As instituições também são responsáveis por criar, manter e garantir os direitos de propriedade. Na comparação dos sistemas alvos desse trabalho foram analisados a eficiência das instituições na criação dos direitos de propriedade e a capacidade de fazer valer estes direitos.

Sobre a ótica da influência dos direitos de propriedade na competitividade do sistema de certificação/marca foram analisados os seguintes pontos:

- o impacto da alocação dos direitos de propriedade na eficiência das organizações envolvidas nos sistemas de certificação/marca;

- se o sistema de certificação/marca está formalmente estabelecido e solidificado, com os direitos de propriedade corretamente constituídos;

- se o direito de apropriação do selo/marca visando o ganho na atividade econômica está bem definido e caracterizado;

- se o direito de propriedade é bem definido e possibilita maior segurança no investimento em ativos específicos.

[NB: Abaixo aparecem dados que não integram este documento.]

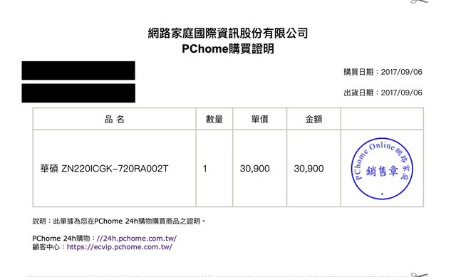 購買證明擷圖(遮蔽出貨單號與發票號碼)
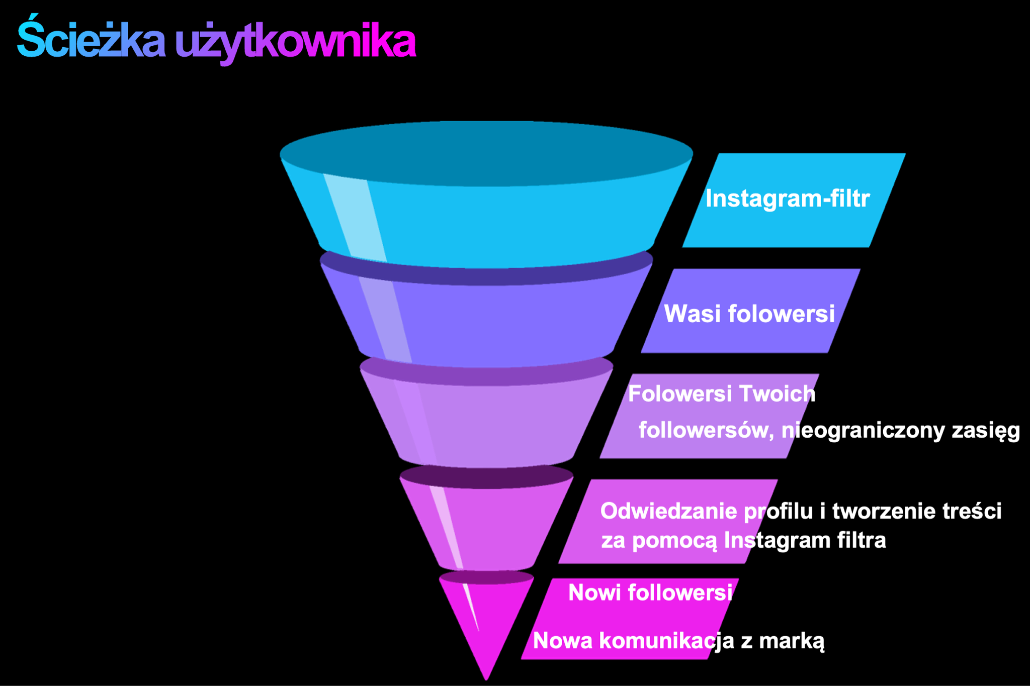 Efekt UGC zaczyna się po dodaniu filtru na konto marki. Brand tworzy pierwszą relację z wykorzystaniem filtra i informacją o jego premierze, którą zobaczą wszyscy jego fani. Następnie odbiorcy sami tworzą kolejne treści z użyciem filtra i udostępniają wśród swoich znajomych i fanów. Dzięki temu można szybko osiągnąć efekt śnieżnej kuli, a filtr staje się viralem. Każdy użytkownik, który go wykorzysta, staje się ambasadorem marki, a tych potencjalnych jest na Instagramie ponad 500 milionów.

Com a análise destes pontos esperou-se verificar se a variação do grau de consolidação dos direitos de propriedade aumenta os investimentos no ativo específico (selos ou marcas). E, também, se como conseqüência desse aumento, ocorre proporcionalmente, aumento na competitividade a partir da estratégia aplicada para a segmentação e diferenciação dos produtos. A Figura 19 representa de forma gráfica a curva de investimentos e de competitividade.

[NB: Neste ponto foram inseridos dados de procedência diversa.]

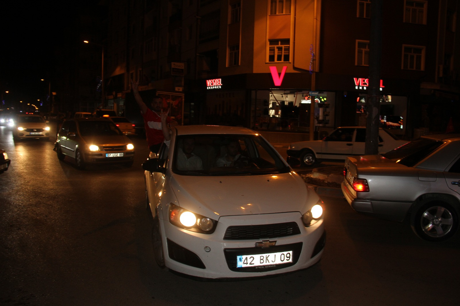 Anıt meydanında toplanan taraftarlar burada galibiyetin sevincini yaşarken, Atatürk ve Antalya Caddeleri üzerinde araç konvoyu oluşturan taraftarlar araçlarıyla tur atarak çeyrek final coşkusu yaşadı. Bayrak sallayan ve meşale yakan taraftarların coşkusuna 7’den 77’ye herkes ortak oldu. Polis ekipleri de taraftarların coşkusu esnasında kritik noktalarda önlem aldı.
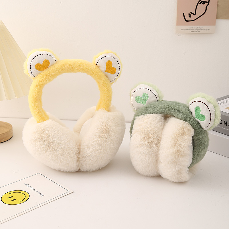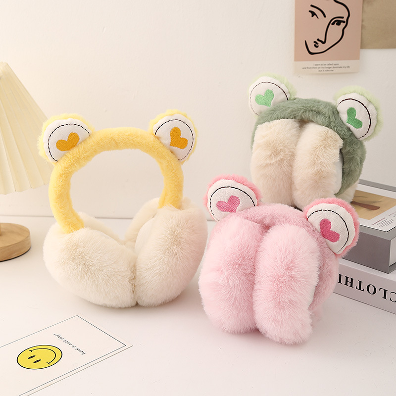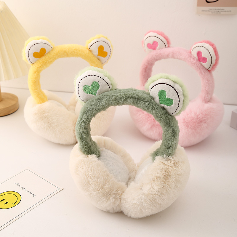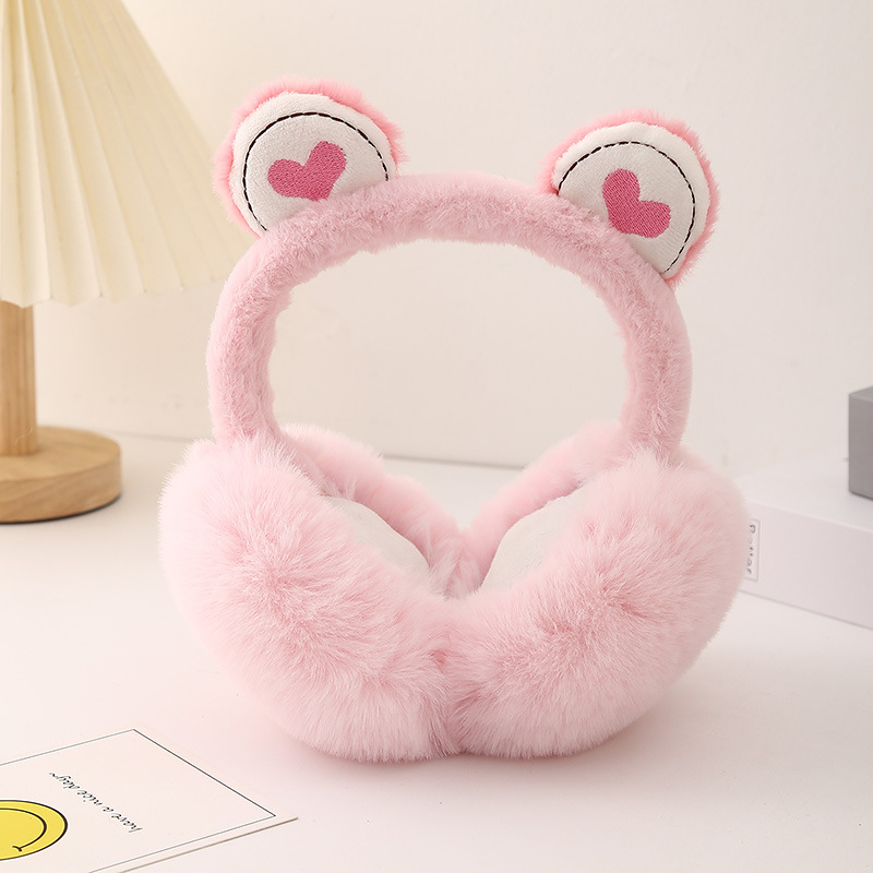 冬季毛绒保暖青蛙爱心儿童卡通耳捂防寒护耳可爱保暖舒适可折叠耳
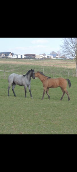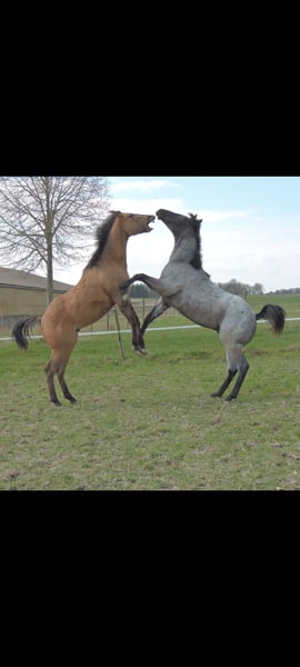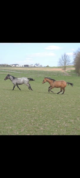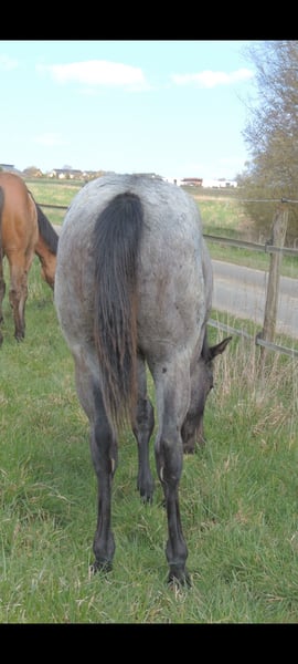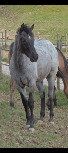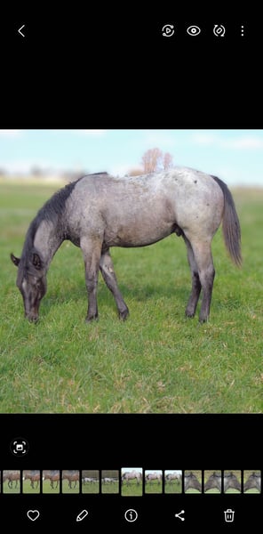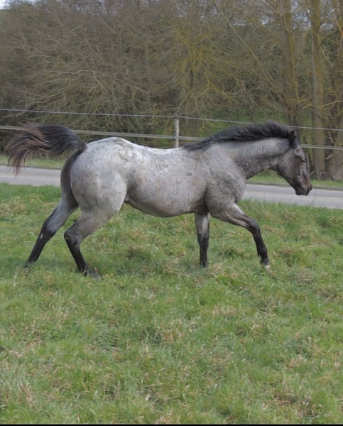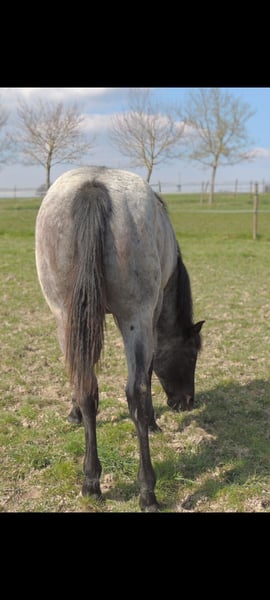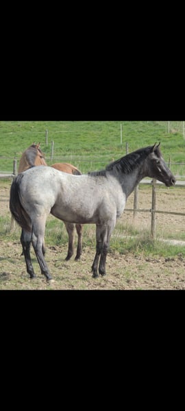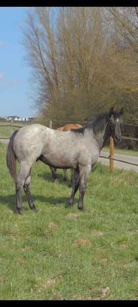 Blue Roan Fohlen geboren 22.3.2025 . Zur Zeit ist er 146cm groß und das Endmaß liegt ca bei 156-158 cm ! Regelmäßige Wurmkuren , Impfungen und Hufschmied sind selbstverständlich ! AQHA Papiere liegen vor ! Die Fotos sind aktuell , aber er hat noch nicht das eigentliche Sommerfell ! Er ist 6 Penel getestet mit N/N
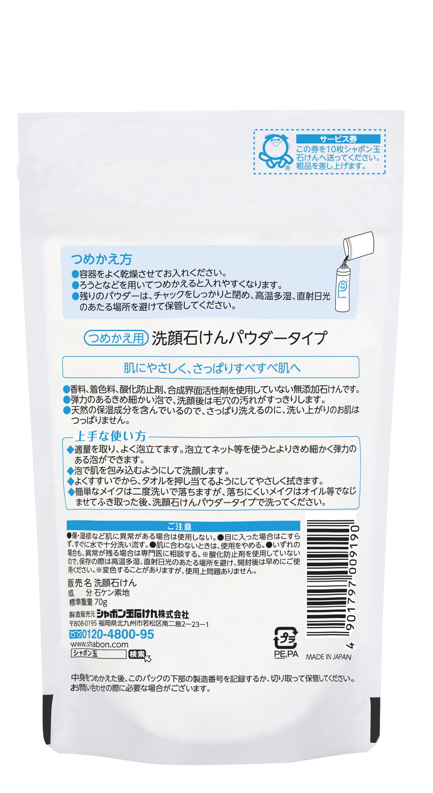 【数量限り】シャボン玉 洗顔石けんパウダータイプ つめかえ用 70g トラベル
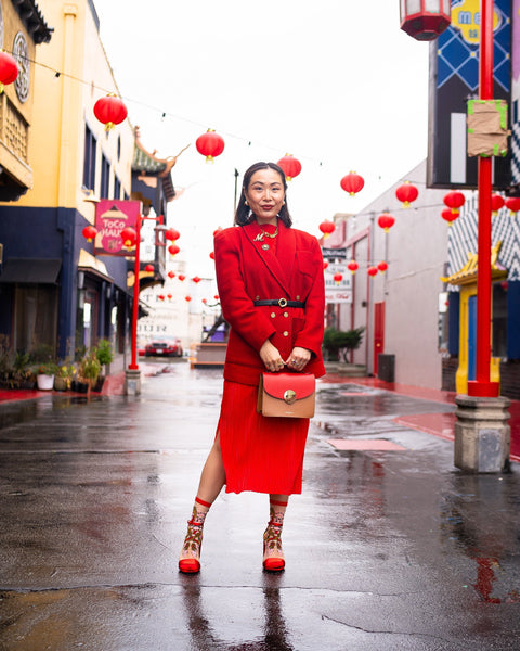 Fira kinesiskt nyår med vår fantastiska drakeårsstrumpa, som hyllar vår grundares arv. Två guld- och röda drakar speglar varandra och flätas samman, vilket skapar perfekt symmetri framifrån och en hel drake från sidan. Körsbärsblommor ger denna tunna drakesocka en feminin och oväntad touch. Matcha med röda skor och bär den hela februari, från kinesiska nyåret till alla hjärtans dag.

Direito de Propriedade X Investimento

Estabelecimento do Direito de Proriedade

In ve sti m en to s competitividade

Figura 19 - Curva de investimentos e de competitividade.

Fonte: Elaborado pelo autor

O último direcionador controlado pelo governo é o investimento na infra-estrutura técnico-científica. Para o desenvolvimento competitivo da atividade econômica, faz-se

necessária a criação de instituições de desenvolvimento técnico-científico, sejam elas públicas ou privadas. Também, é importante a existência de políticas de incentivo a pesquisa e inovação tecnológica. Assim, foram ainda, analisadas a existência de instituições envolvidas no desenvolvimento dos sistemas de certificação/marca, como também, no incentivo à inovação neste seguimento.

Especificamente sobre o incentivo à inovação tecnológica, foi observada a atuação das instituições públicas no fomento a políticas de inovação tecnológica, bem como o incentivo à pesquisa de novos produtos ou técnicas de produção a serem utilizadas como diferencial competitivo.

Cabe ressaltar que a eficiência depende da capacidade de coordenação e de governança dos componentes do sistema produtivo. Embora estes dois processos não sejam apenas promovidos ou apoiados pelo governo, foi importante analisar as instituições e sua influência na coordenação dos diversos elos da cadeia de produção, os tipos de coordenação e os instrumentos de governança propostos para cada caso estudado neste trabalho.